A new worldwide botnet infection has been reported by the security community. The new threat is called the JenX botnet and features a highly unusual infiltration mechanism. According to the code analysis takes advantage of several vulnerabilities that affect certain popular router models made by Huawei and Realtek. They are among the biggest network equipment manufacturers and such models are usually bought by Internet Service Providers (ISPs) and given out to customers. This means that potentially thousands or even millions of computers can fall victim to the automated penetration testing. The two vulnerabilities are tracked in the following security advisories:

  • CVE-2014-8361 — The miniigd SOAP service in Realtek SDK allows remote attackers to execute arbitrary code via a crafted NewInternalClient request.
  • CVE-2017-17215 — Huawei HG532 CVE-2017-17215 Remote Code Execution Vulnerability.

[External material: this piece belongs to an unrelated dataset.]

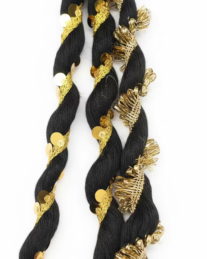 Turn every head with this dazzling Gold Tassel Noor Parandi, expertly handcrafted to bring a touch of royal flair to your braid.
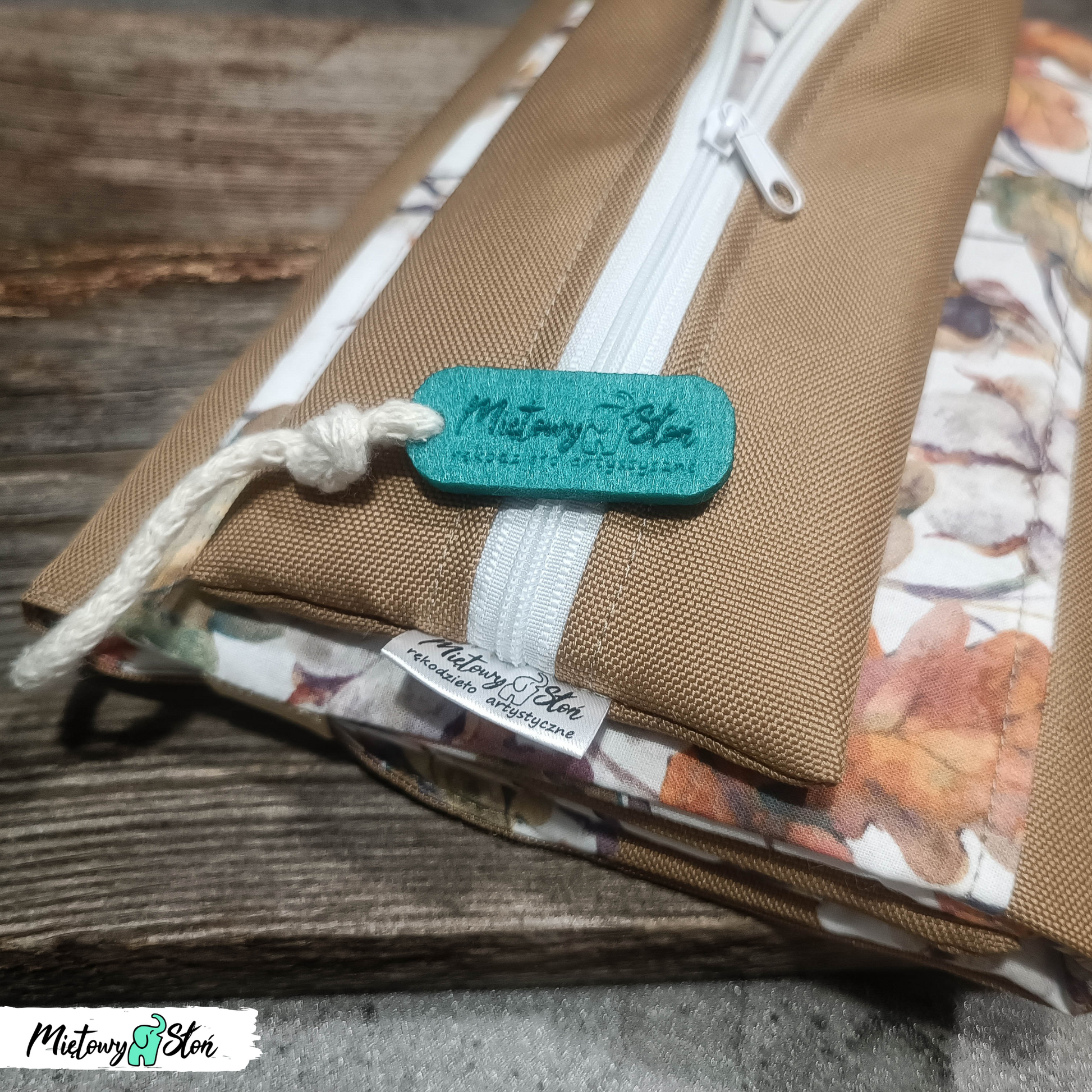 Otulacz / etui na książkę z tkaniny wodoodpornej w kolorze karmelowym z bawełnianą wstawką i środkiem w jesienne liście i żołędzie.

Its interesting to note that both weaknesses are taken from the Satori botnet. The snippets were identified in public posts made by the hacker known under the alias “Janit0r” who is the author of BrickerBot. According to the research the botnet is designed specifically against gaming providers, clubs and gamers.

The malware code infiltrates servers that power up games and as a result infect the client machines as well. The link made with the Grand Theft Auto game is due to the fact that compromised servers hosting the JenX botnet host the game. Such tactics are particularly effective against targets as gaming servers are known for their performance and network connectivity.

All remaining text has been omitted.